A Ponzi Scheme Where One Investor Directly Paid Another
In the typical Ponzi scheme unscrupulous individuals induce investors to part with their cash based on a series of misrepresentations about the proposed investment. The investor money is then in part misappropriated and in part used to repay other investors in an effort to perpetuate the scheme. In the Commission’s latest Ponzi scheme case however, the alleged fraudster induced investors to repay other investors directly. SEC v. McCollum, Civil Action No. 7:16-cv-00282 (W.D. Tex. Filed July 27, 2016).
Defendant Jeffery McCollum formed JNL Oilfield Instruments, LLC to provide services to oilfield companies in West Texas. The business struggled, leaving him short of cash. Changing his business model, Mr. McCollum focused on purchasing used oilfield services equipment. The idea was to make a quick resale for a profit. He lacked the capital to implement the business.
Mr. McCollum began soliciting investors to raise the necessary capital. He was more successful at soliciting investors than selling services. From 2009 through mid 2015 he raised over $12 million from about 30 investors. Investors were told that he had specialized knowledge of, and contacts in, the thriving used equipment market in which he was starting a business.
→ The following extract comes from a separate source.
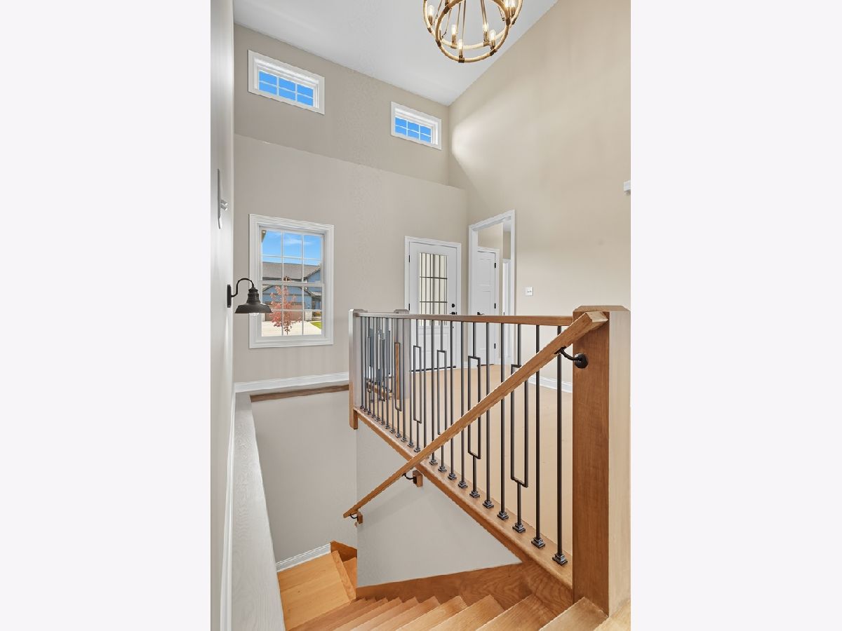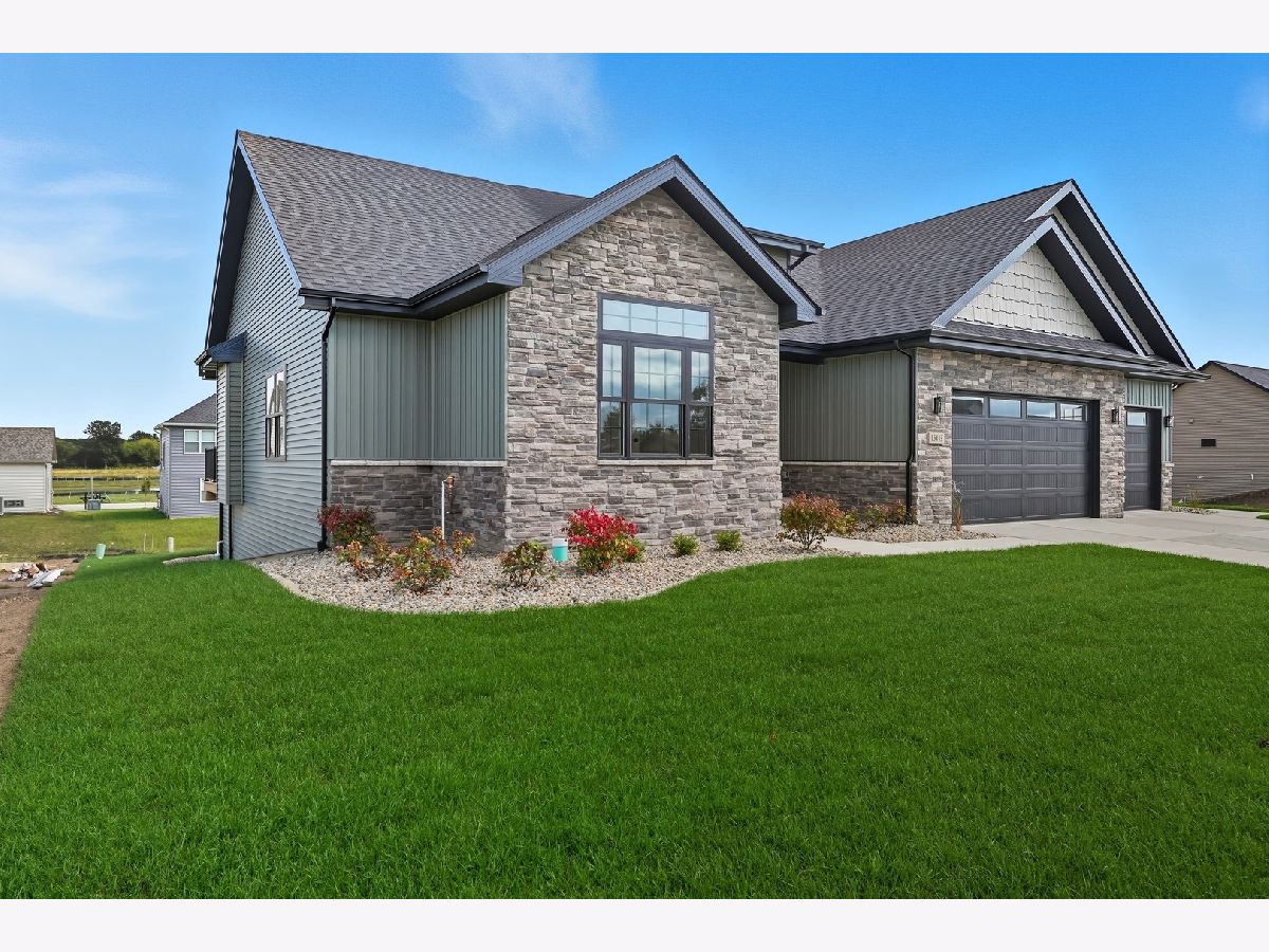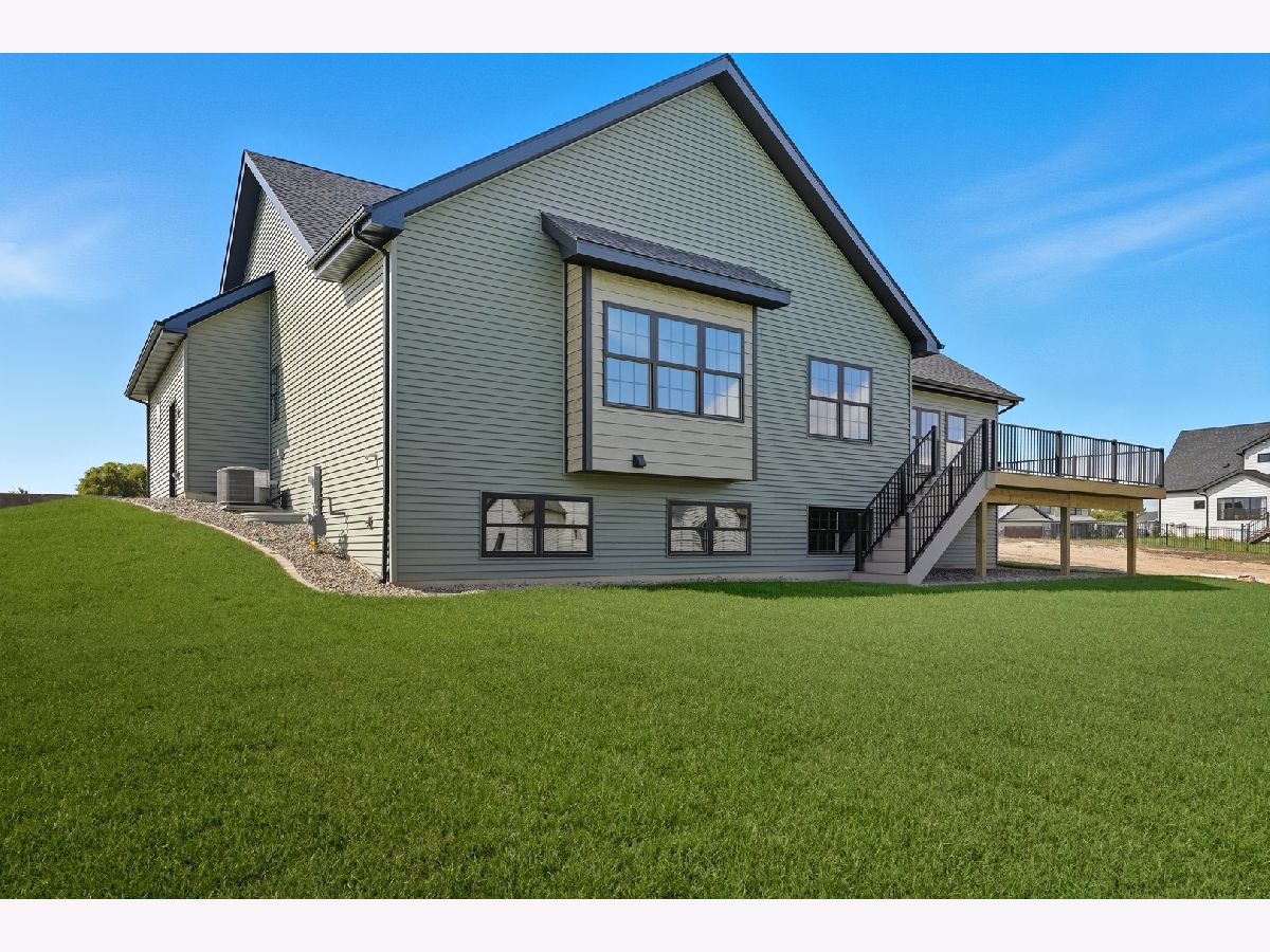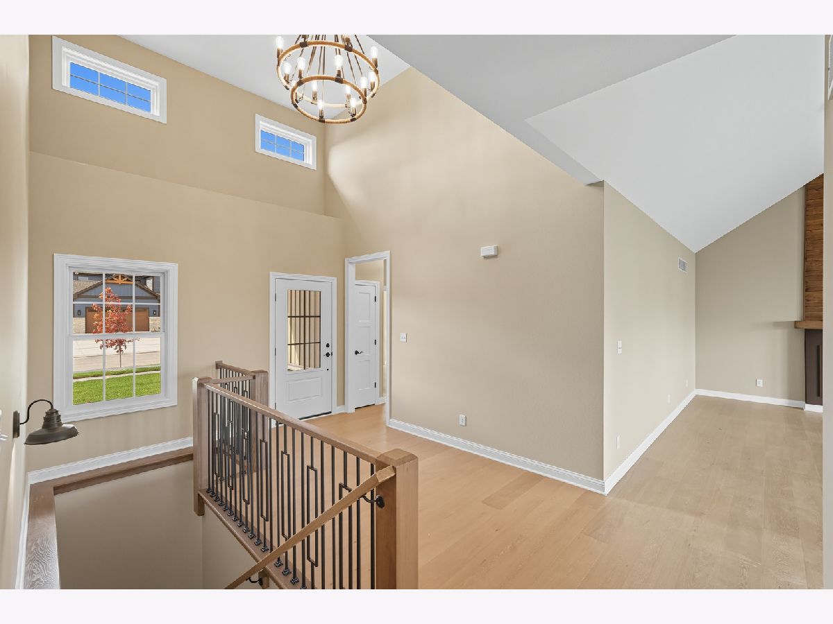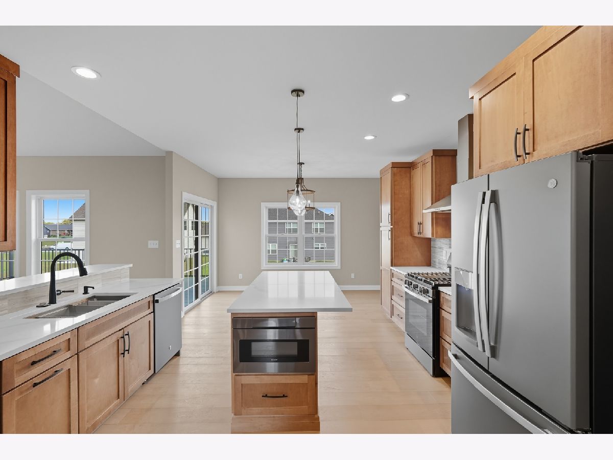 This beautifully crafted new-construction ranch delivers the ease of single-level living paired with elevated design throughout. Offering 1,890 sq. ft. of thoughtfully planned space, the home showcases engineered hardwood floors, a striking two-story foyer with chandelier, and a sun-filled great room with cathedral ceiling and an electric fireplace framed by a wood mantle. Oversized Andersen windows with black exterior trim bring in abundant natural light, creating bright, inviting spaces from room to room. The kitchen is both functional and stylish, featuring quartz countertops, soft-close cabinetry, a GE Slate appliance package, and generous island seating that flows seamlessly into the great room-ideal for entertaining or everyday living. Added conveniences include under-cabinet lighting, a large workstation sink, and a pantry cabinet with pull-out shelving. The adjacent breakfast area opens through sliding glass doors to an oversized composite deck, extending your living space outdoors. Ceiling fans throughout, solid-core doors, and oak stairs with a custom railing add comfort and quality, while the main-level laundry room with sink enhances day-to-day ease. The primary suite is a true retreat, featuring a tray ceiling, custom window storage bench, walk-in closet, and spa-inspired ensuite bath with dual vanities, a deep soaking tub, and a custom-tiled walk-in shower complete with bench, glass doors, and handheld sprayer. Two additional main-level bedrooms offer flexible use, including vaulted ceilings and a walk-in closet, and are served by a second full bath with custom tilework and a quartz vanity top. The daylight basement offers 9-ft walls, is pre-plumbed for a future bathroom, and provides endless potential for added living space. Outside, enjoy a covered front porch, a fully landscaped yard with irrigation, and a finished, insulated three-car garage pre-piped for a heater. A tankless water heater completes this modern, energy-efficient home. Every detail has been carefully selected to blend comfort, craftsmanship, and timeless style-creating a home designed to live beautifully from day one.

He would then identify a specific piece of equipment for sale, telling the investor that if he or she furnished the necessary funds a guaranteed high rate of return could be made – about 13%. The claim was false.
In fact the parts were typically not purchased. Rather, Mr. McCollum just took much of the money. In some instances he directed the investors to make their investment checks payable to a party who supposedly was selling the part. In fact the payee was an earlier investor. Other investors were furnished with false documents about their supposed investment. The complaint alleges violations of Securities Act Section 17(a) and Exchange Act Section 10(b).
The defendants resolved the action, consenting to the entry of permanent injunctions based on the Sections cited in the complaint. They also agreed to pay disgorgement and prejudgment interest in amounts to be determined later and a penalty of $160,000. See Lit Rel. No. 23603 (July 27, 2016).